The number of values of $\displaystyle x \in (-90^{\circ},90^{\circ})$ such that $x\neq 36^{\circ}n$ for $n=0,\pm 1, \pm 2$ and
$\tan x = \cot 5x$ as well as $\sin 2x = \cos 4x$.
Attempt: $\displaystyle \tan x = \cot \left(90^{\circ}-5x\right)$ so $x = n\pi +(90^{\circ}-5x)$ So $\displaystyle x= 36^{\circ}+18^{\circ}$
and $\cos 4x = \cos(90^{\circ}-2x)$ so $4x = 2m\pi\pm 2x$ so $x=60^{\circ}m$ and $x=180^{\circ}m$
now from $x=36^{\circ}n+18^{\circ}$ we have $x=-18^{\circ},18^{\circ}$
and from $x=60^{\circ}m$ we have $x=0,\pm 60^{\circ}$
so we have $6$ solutions but answer is $3$ solution.

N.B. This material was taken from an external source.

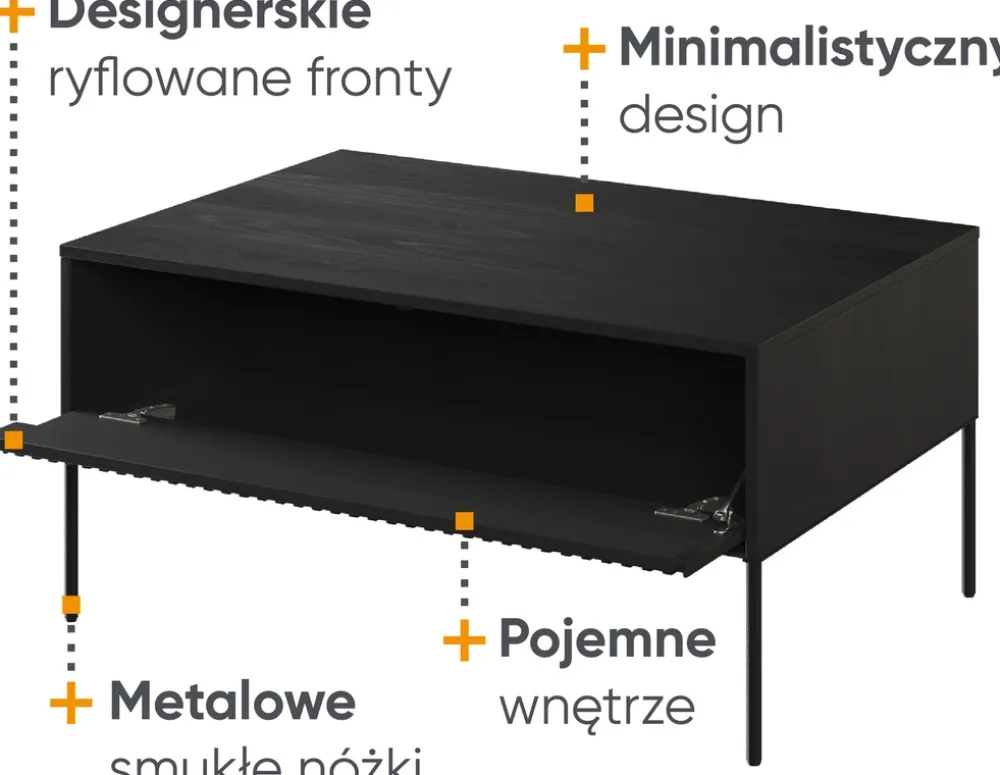 Jego front wykonany jest z 18 mm płyty MDF, na której uwagę przyciąga ryflowany wzór frezowany w prostym kształcie. To wyrafinowane zdobienie na tle czerni dodaje meblowi głębi i wyrazistości. Solidny korpus stolika, stworzony z 16 mm płyty laminowanej, gwarantuje trwałość i stabilność, jednocześnie podkreślając nowoczesny styl.

could some help me, thanks
Best Answer
Actually, $$x = n\pi + \frac {\pi}{2}-5x $$ $$\Rightarrow 6x = n\pi + \frac {\pi}{2} $$ $$x = 30^\circ n + 15^\circ $$
Anyways, beside the typo, the question asks for solutions that satisfy both equations and not all solutions, that is, if $x_1$ is a solution, then both $(1) $ and $(2) $ should satisfy. $$\tan x_1 =\cot 5x_1 \tag{1} $$ $$\sin 2x_1 =\cos 4x_1 \tag {2} $$
Check that there are only three such $x'$s that satisfy the condition, $-45^\circ, 15^\circ, 75^\circ $. Hope it helps.